▶ _The data_
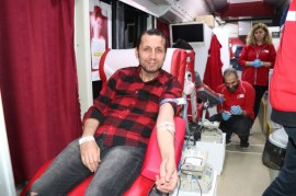 İftar programına katılan çok sayıda madenci ve Kızılay gönüllüsü Gülüç Belediyesi Düğün Salonu çıkışına kurulan kan toplama aracında Kızılay’a kan bağışında bulundu.
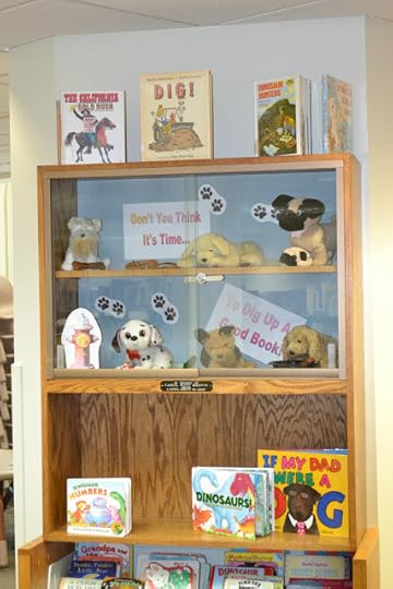 Then we headed to the children's section to pick out some books. While there I also took a picture of the display I created to match the summer theme of "Dig Into A Good Book". Dig could apply to many things such as treasure, dinosaurs, or bulldozers and construction, but I chose dogs since Emily has so many and wouldn't miss a few.
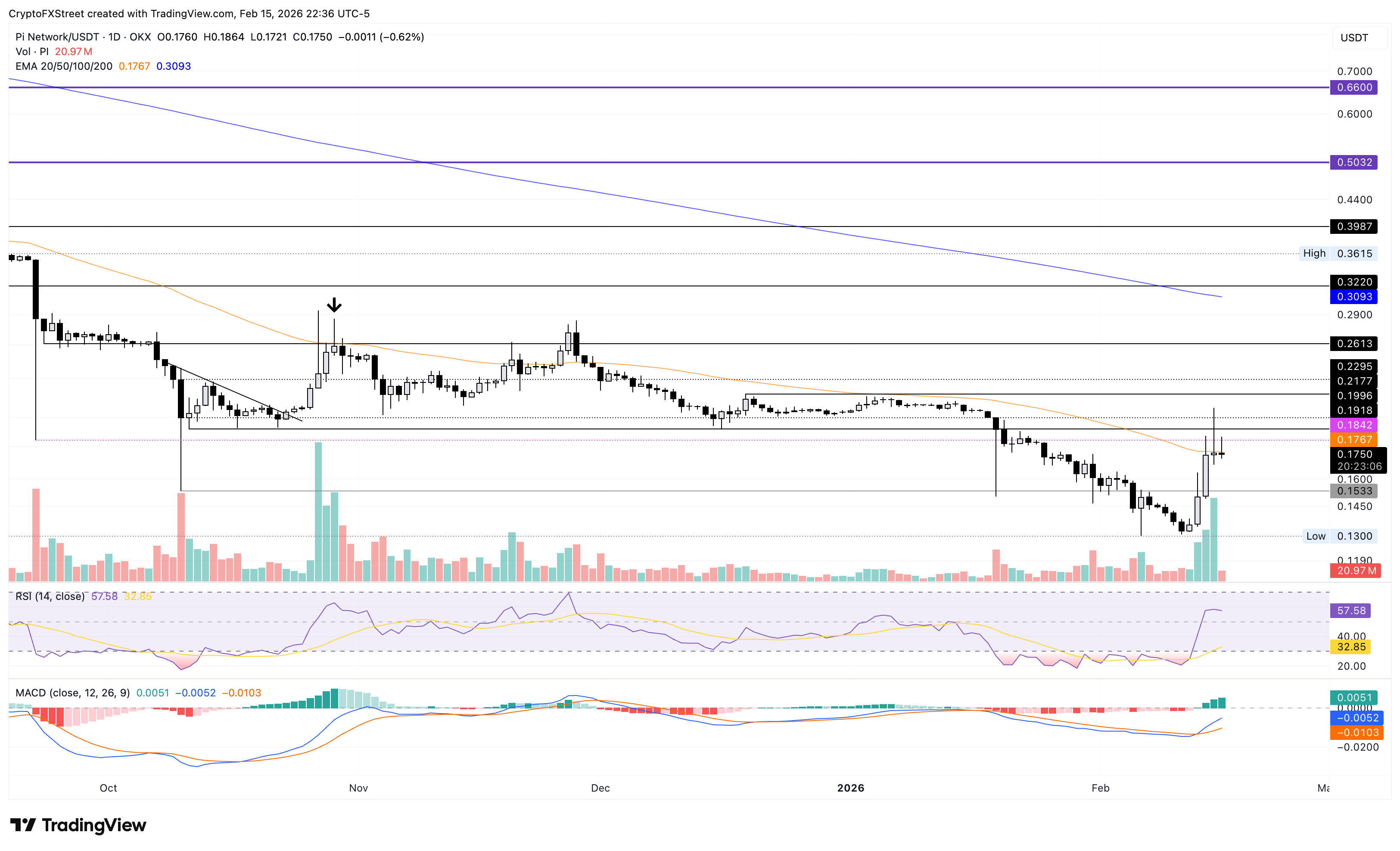 Pi Network se está negociando alrededor de 0.1750$ en el momento de escribir, luchando por extender las ganancias por encima de la EMA de 50 días en 0.1767$. El token PI se está negociando por debajo de las EMAs de 200 y 50 días, confirmando la tendencia bajista prevaleciente.
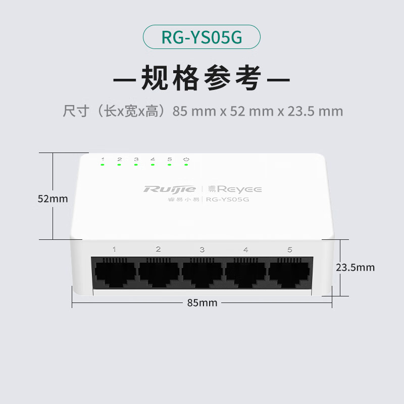 锐捷(Ruijie)5口千兆非网管防雷交换机 RG-YS05G 全线速转发数据稳定即插即用 家用企业宿舍监控交换器分线器
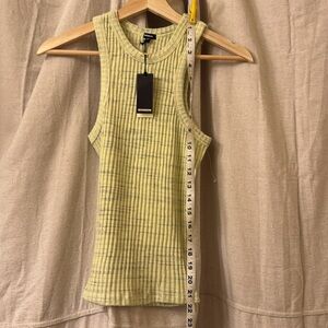 This stylish yellow ribbed tank top is perfect for casual outings. Its soft fabric ensures comfort all day long.
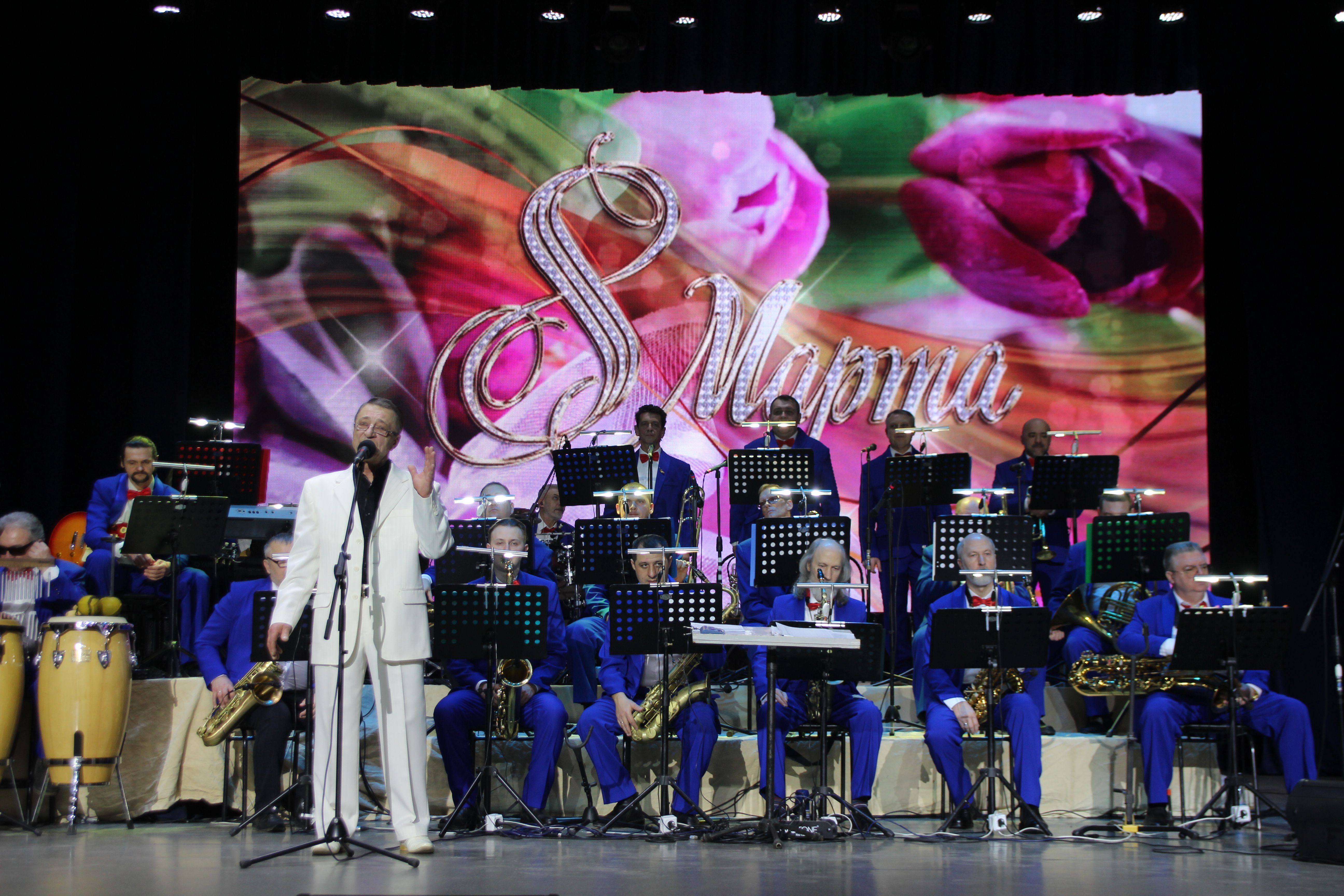 После этого юноши с корзинами цветов спустились в зал, преподнося женщинам тюльпаны. Праздник продолжился новой сольной программой джазового оркестра «Ейск биг-бэнд» под руководством заслуженного работника культуры Кубани Александра Ивахненко.

▶ _Activity_
Write out the records word for word. Pictures stay out.

▶ _Exercise answer_
 İftar programına katılan çok sayıda madenci ve Kızılay gönüllüsü Gülüç Belediyesi Düğün Salonu çıkışına kurulan kan toplama aracında Kızılay’a kan bağışında bulundu.
 Then we headed to the children's section to pick out some books. While there I also took a picture of the display I created to match the summer theme of "Dig Into A Good Book". Dig could apply to many things such as treasure, dinosaurs, or bulldozers and construction, but I chose dogs since Emily has so many and wouldn't miss a few.
 Pi Network se está negociando alrededor de 0.1750$ en el momento de escribir, luchando por extender las ganancias por encima de la EMA de 50 días en 0.1767$. El token PI se está negociando por debajo de las EMAs de 200 y 50 días, confirmando la tendencia bajista prevaleciente.
 锐捷(Ruijie)5口千兆非网管防雷交换机 RG-YS05G 全线速转发数据稳定即插即用 家用企业宿舍监控交换器分线器
 This stylish yellow ribbed tank top is perfect for casual outings. Its soft fabric ensures comfort all day long.
 После этого юноши с корзинами цветов спустились в зал, преподнося женщинам тюльпаны. Праздник продолжился новой сольной программой джазового оркестра «Ейск биг-бэнд» под руководством заслуженного работника культуры Кубани Александра Ивахненко.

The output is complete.